YMMV, but here's mine:
init:
initscript: |-
#!/bin/sh
set -eu
echo "Upgrading DB schema..."
superset db upgrade
echo "Initializing roles..."
superset init
urlencode() {
string="$1"
encoded=""
pos=0
while [ "$pos" -lt "${#string}" ]; do
c=$(printf "%s" "$string" | cut -c $((pos + 1)))
case "$c" in
[a-zA-Z0-9.~_-]) o="$c" ;;
*) o=$(printf '%%%02X' "'$c") ;;
esac
encoded="$encoded$o"
pos=$((pos + 1))
done
echo "$encoded"
}
echo "Configuring default database"
mkdir /tmp/datasources
date_now=$(date -u +"%Y-%m-%dT%H:%M:%SZ")
user=$(urlencode "$USER" )
password=$(urlencode "$PASSWORD" )
server=$(urlencode "$DB_SERVER" )
dbName=$(urlencode "$DB_NAME" )
conn_str=$( echo "mssql+pymssql://$user:$password@$server:1433/$dbName" )
mkdir /tmp/datasources/databases
cat > /tmp/datasources/metadata.yaml <<EOT
version: 1.0.0
type: Database
timestamp: '$date_now'
EOT
cat > /tmp/datasources/databases/DB.yaml <<EOT
database_name: DB
sqlalchemy_uri: $conn_str
cache_timeout: null
expose_in_sqllab: true
allow_run_async: false
allow_ctas: false
allow_cvas: false
allow_dml: false
allow_file_upload: false
extra:
allows_virtual_table_explore: true
uuid: 738f72b0-651b-4d60-9968-dc3d3064c149
version: 1.0.0
EOT
echo "Importing database connections from constructed local files"

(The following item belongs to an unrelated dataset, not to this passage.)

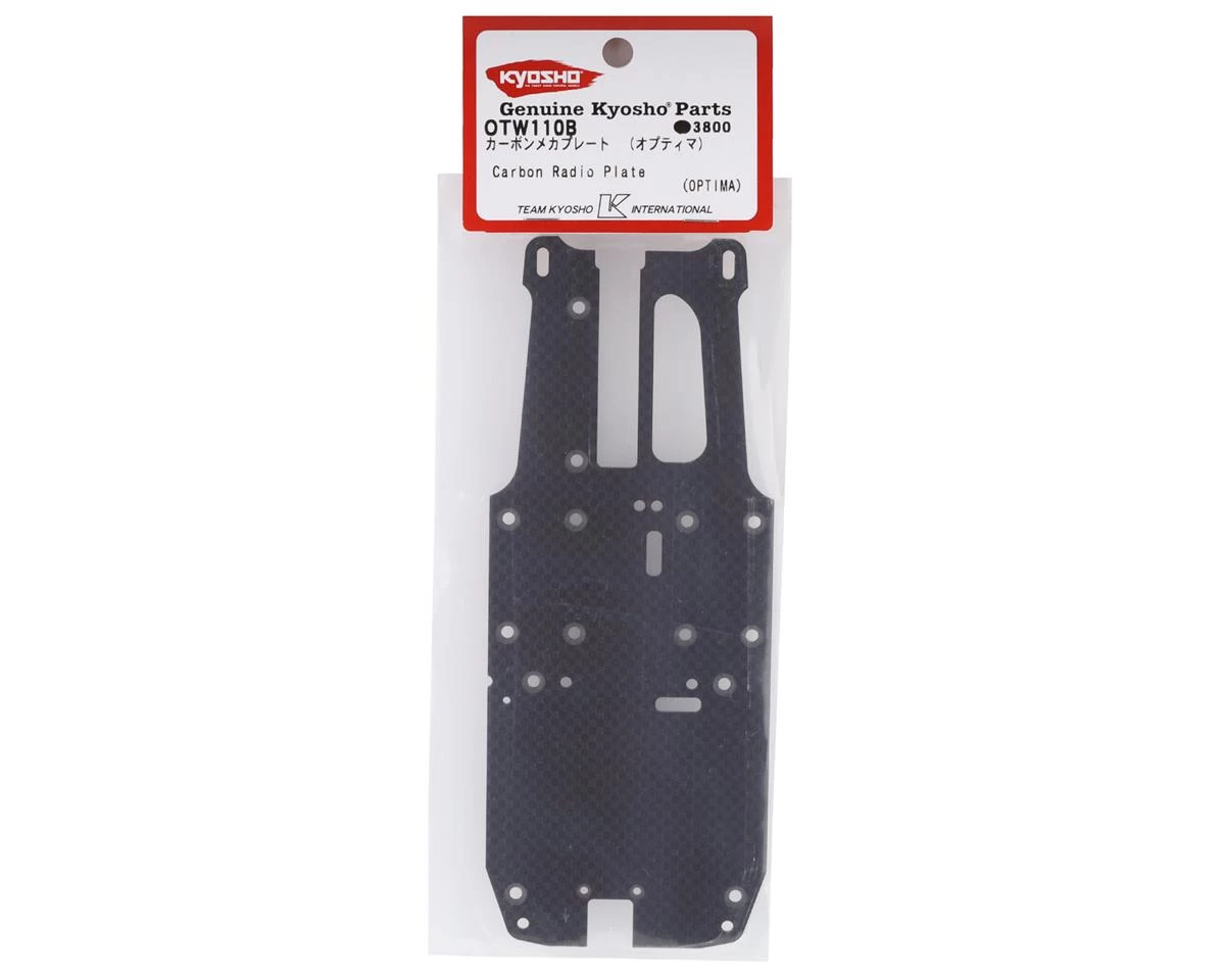 The Kyosho Optima Carbon Radio Plate is a carbon fiber option that provides increased stiffness, with a custom carbon fiber look.

superset import-directory /tmp/datasources -o
echo "Re-Importing database connections to work around https://github.com/apache/superset/issues/31983"

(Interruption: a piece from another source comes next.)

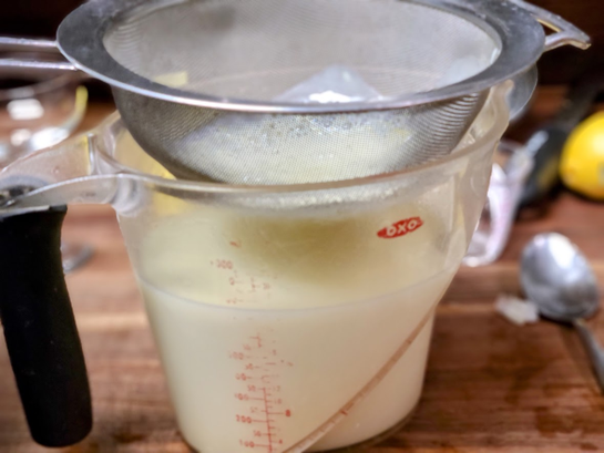 4. Let the mixture cool for 10 minutes, then strain into a liquid measuring cup for ease of pouring into the serving vessel.

superset set-database-uri -d Lokulus -u $conn_str -s
(Please be aware that because of #21256 still being present in 4.1.1, this also brings in an extraneous examples database connection)
Comment From: watercraft
My workaround also uses the init script with these commands to call the API after the import:
echo "Encrypt database connection URI.... "

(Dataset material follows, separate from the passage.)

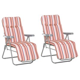 Set of 2 Garden Sun Lounger Outdoor Reclining Seat Cushioned Seat Foldable Adjustable Recliner Orange and White

CSRF=`curl --silent -c cookies -H"<<some authentication>>" -X GET http://dataviz-superset:8088/api/v1/security/csrf_token/ | python3 -c 'import json, sys; print(json.dumps(json.loads("".join([l for l in sys.stdin]))["result"]))' | sed 's/"//g' `
curl --silent -b cookies -H"<<some authentication>>" -X GET http://dataviz-superset:8088/api/v1/database/1/connection | python3 -c 'import json, sys; print(json.dumps(json.loads("".join([l for l in sys.stdin]))["result"]))' > result
curl --silent -b cookies -H"Content-Type: application/json" -H"X-Csrftoken: $CSRF" -H"<<some authentication>>" -d@result -X PUT http://dataviz-superset:8088/api/v1/database/1
Comment From: rusackas
CC @betodealmeida @dpgaspar @msyavuz - seems like we should look more closely at this if it's an issue.